Interview at AIT- Part2

I gave in when I got more 'compelling' texts the next morning (Tuesday 10th) and ended up going to the television station with an affable man, Chike who has a mobility challenge and a visually-impaired man. I received a copy of the statement written by the president of the umbrella association for Persons with Disabilities in NGR. It was a good statement but I had an issue with the 'stipend' bit which to me, tended to project that the association would be willing to accept the 'stipend' and nothing else, should in case the government goes ahead with its insensitive, anti-people policy on the fuel subsidy removal issue.

We had an opportunity to meet two very visible high-ranking government officials who are the President's spokespeople on this controversial policy: CBN(Central Bank of NGR) Governor, Sanusi Lamido Sanusi and the Minister of Finance, Dr. Ngozi Okonjo-Iweala who were at the station for a live discussion. They seemed pleasant to us when we introduced ourselves. I give some credit to both. Why? Because Dr. Okonjo-Iweala acknowledged the oversight and apologised when she was confronted about the fact that no PWD was consulted before they decided firmly on that policy. And she acknowledged that PWDs can be productive with the assistance of the government. She was reminded that the President has not signed the Disability Bill. On his part, the CBN governor informed us about the new employment policy for PWDs that CBN had just introduced at the beginning of the year. He explained that apart from trying to get more PWDs working in areas relevant to CBN, he has mandated that at least 1bank branch in each major location is physically-accessible (I took it up with his aide afterwards that they have to do something for those with hearing impairments and I insisted that they have staff who is trained in Sign Language. **shrug** If I/we don't demand, I/we don't get!! I was invited for a roundtable at the CBN headquarters as a representive of the deaf/hard-of-hearing).

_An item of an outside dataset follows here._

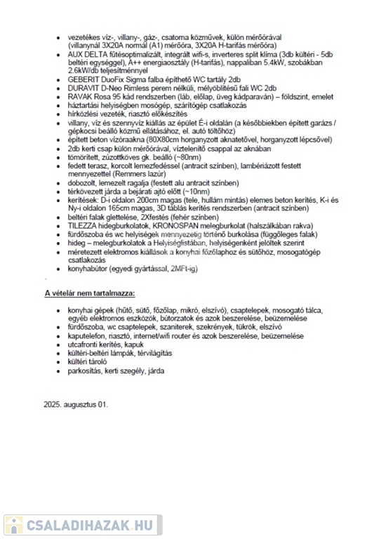 Az ingatlan összközműves, önálló helyrajzi számon lévő telekterületen az épület Porotherm 30 X-Therm téglából épült + 20cm szigeteléssel. A tető héjalása Terrán tetőcseréppel készült,. A fűtést szintenként szabályozható padlófűtés biztosítja. A melegvíz ellátás Heizer forróvíztároló biztosítja. A ház klimatizált , 5db beltéri egység található. A nyílászárók műanyag korszerű üvegezéssel, alumínium motoros redőnnyel ellátottak. A helyiségek burkolata, a beltéri ajtók, kapcsolók konnektorok… választhatók.

They both went away with a copy of the statement which I received that morning. The big problems which I had with them was that at the time we interacted, they failed to understand that the three well-spoken and educated people with disabilities are only spokespeople for the majority who are far less-privileged. We tried to make them realise that but sorry to say, think they are still disconnected from the reality on ground.

As we all know now, the government made a unilateral decision to 'slightly' reduce the pump price from N141 to N97. The debates on everything pertaining to fuel subsidy removal (from the timing, effects on the masses to lack of transparency and corruption particlarly in the petroleum industry) are hot and raging.

The corruption in NGR is so prevalent and extremely poor governance is having detrimental effects on PWDs. I'll be concentrating on how PWDs can turn the tide by taking their civic responsibilities seriously. From events that unfolded last week ie the near total shutdown of services around NGR during the week-long strike has lent credence to the fact that the masses DO have a voice.

I stop for now with apologies for not submitting my blog entries regularly this year. And apologies for not posting a video of the said discussion with the CBN governor and the Finance Minister. I will try to retrieve a copy from AIT.